For more information on our mediation program, please see the publication FINRA Mediation—An Alternate Path to Resolving Securities Disputes, available on our Web site at www.finra.org/arbitration_mediation.
If all parties do not fully settle their claims or you decide to arbitrate your claim without mediation, you may submit your claim to FINRA. In arbitration, an impartial person or panel hears the presentations of the parties, evaluates the evidence and decides how the matter will be resolved. When you choose arbitration to resolve your dispute, you forego the opportunity to have the same matter decided by a court of law because an arbitration award at this forum is final and binding. This Uniform Forms Guide provides information for you and all parties involved in arbitration proceedings. The guide explains how to file an initial Statement of Claim and other pleadings. It also outlines the way pleadings should be served upon the other parties, and provides information and guidance on other aspects of the arbitration process. Parties to FINRA arbitrations or mediations are bound by FINRA’s rules. The Code of Arbitration Procedure 2 contains the formal rules that govern arbitrations and mediations administered by FINRA. The Code is available on our Web site at www.finra.org/arbitration_mediation. Take the time to read and understand the Code. In addition, please review our Web site as it contains additional important information about FINRA’s case administration processes and procedures.
Consider Mediation First
Before you, a potential claimant, initiate arbitration or court litigation, consider mediating your claim since this is a natural first step in the dispute resolution process. Mediation is an informal process in which a mediator facilitates negotiations between disputing parties. The mediator’s role is to help the parties find a mutually acceptable solution to the dispute. In mediation, you and the other parties control: who the mediator will be; when the mediation will occur; and how the dispute will be resolved. Parties who mediate at this forum resolve four out of every five cases. In addition, resolution can be faster and less expensive than in arbitration or litigation. If you and the other parties agree to mediate, you will not give up any right to arbitrate or litigate if a full settlement is not reached.

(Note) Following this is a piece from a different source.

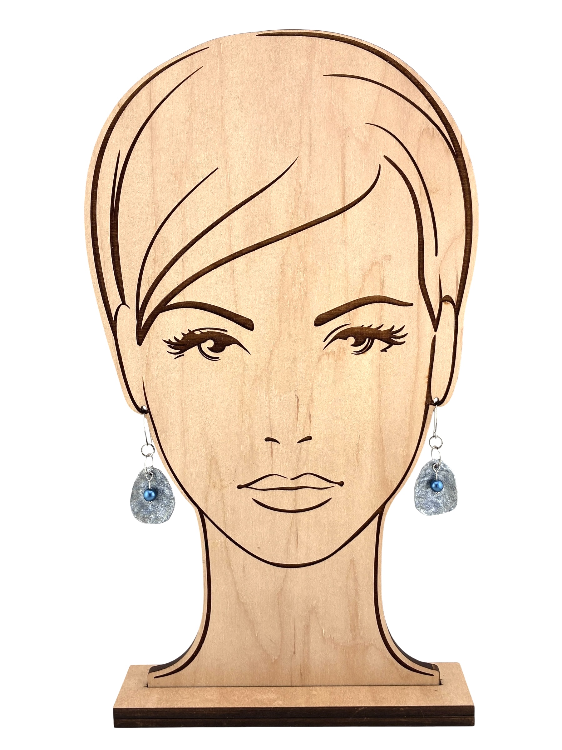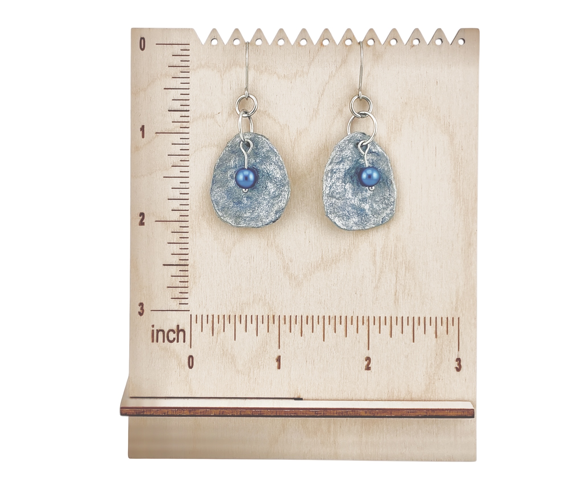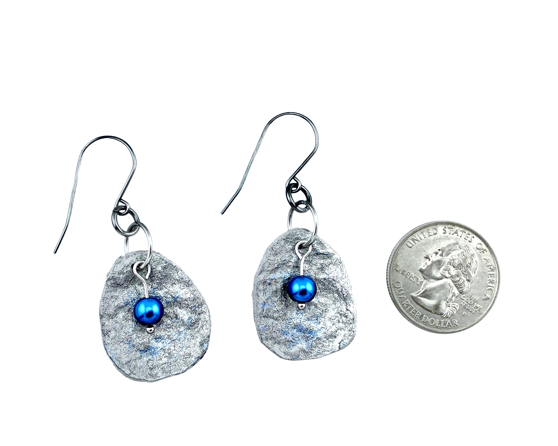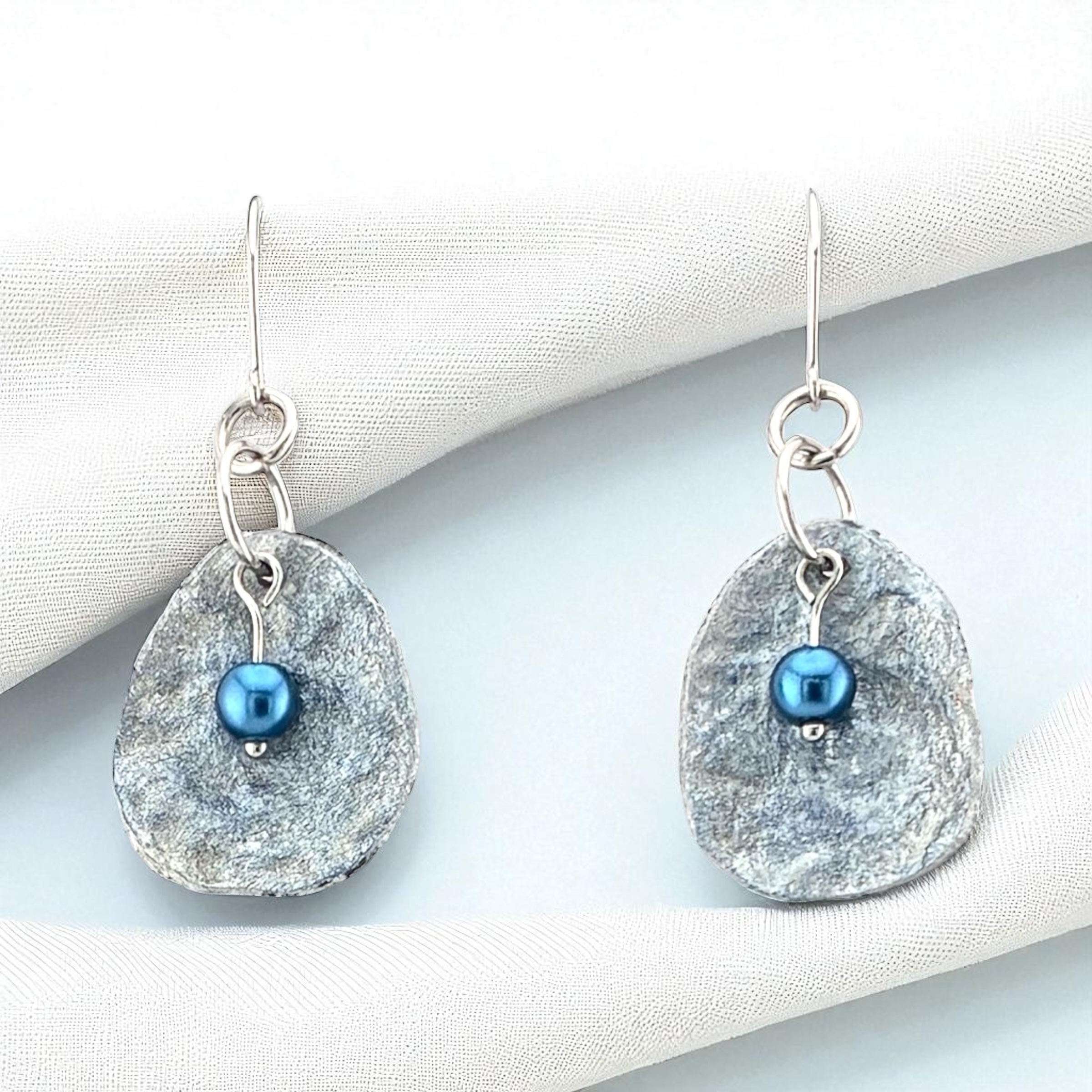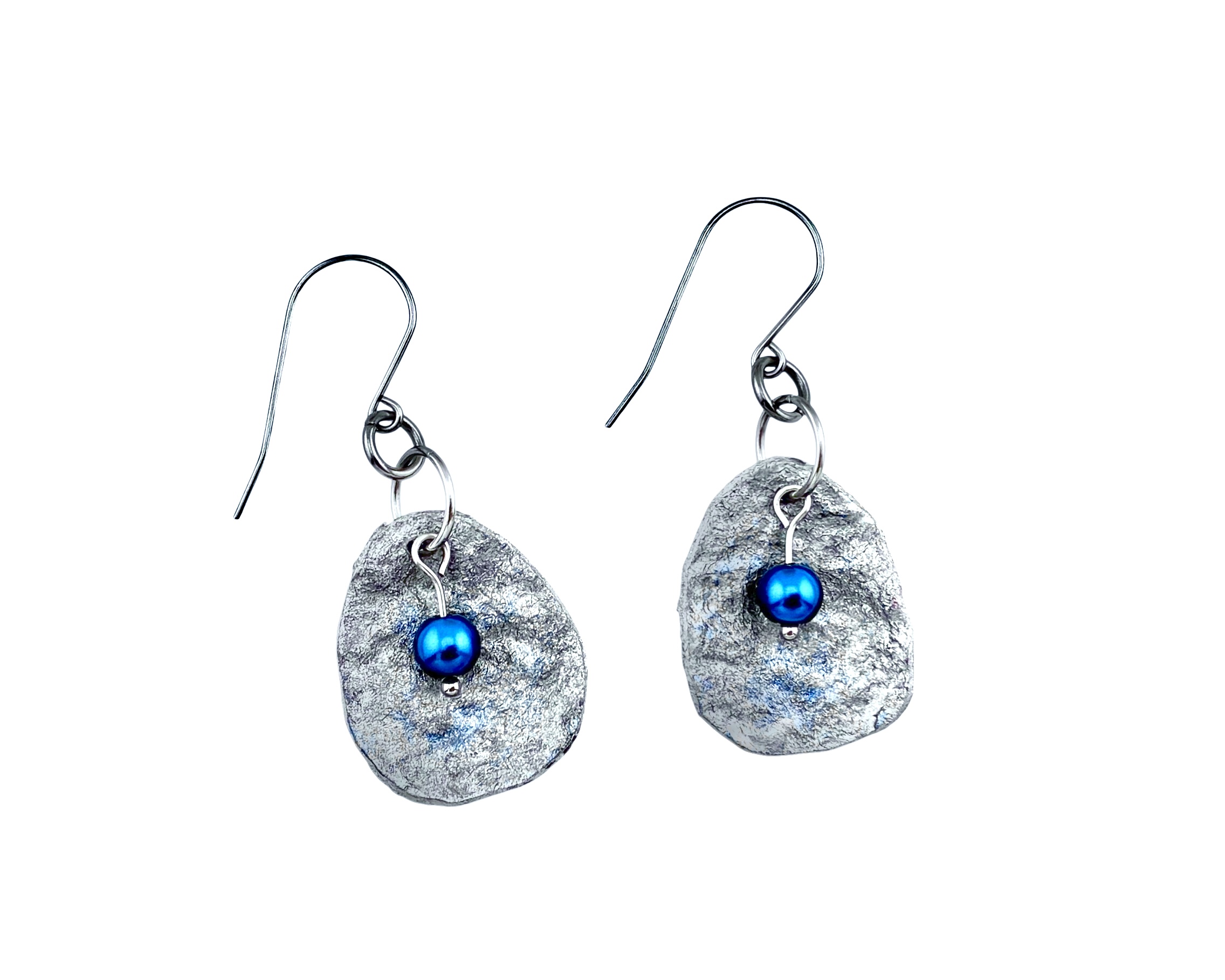 Handmade from upcycled paperboard, these lightweight earrings resemble hammered metal so closely that the only way to be certain they aren't is to touch them. Metallic silver paint is overlaid with a hint of blue and embellished with a blue glass pearl bead. These earrings can easily go from casual to dressy. They are protected with a durable, water-resistant finish for everyday wear. So lightweight you may forget you're wearing them!

1 FINRA also provides dispute resolution services for several non-FINRA exchanges through contracted agreements. By agreement with these other exchanges, the exchanges adopt FINRA’s rules and subject the firms registered with the exchanges to FINRA Dispute Resolution’s rules and procedures. The following exchanges have agreements with FINRA for dispute resolution services: American Stock Exchange (AMEX), International Stock Exchange (ISE), Philadelphia Stock Exchange (PHLX), New York Stock Exchange (NYSE), NASDAQ and...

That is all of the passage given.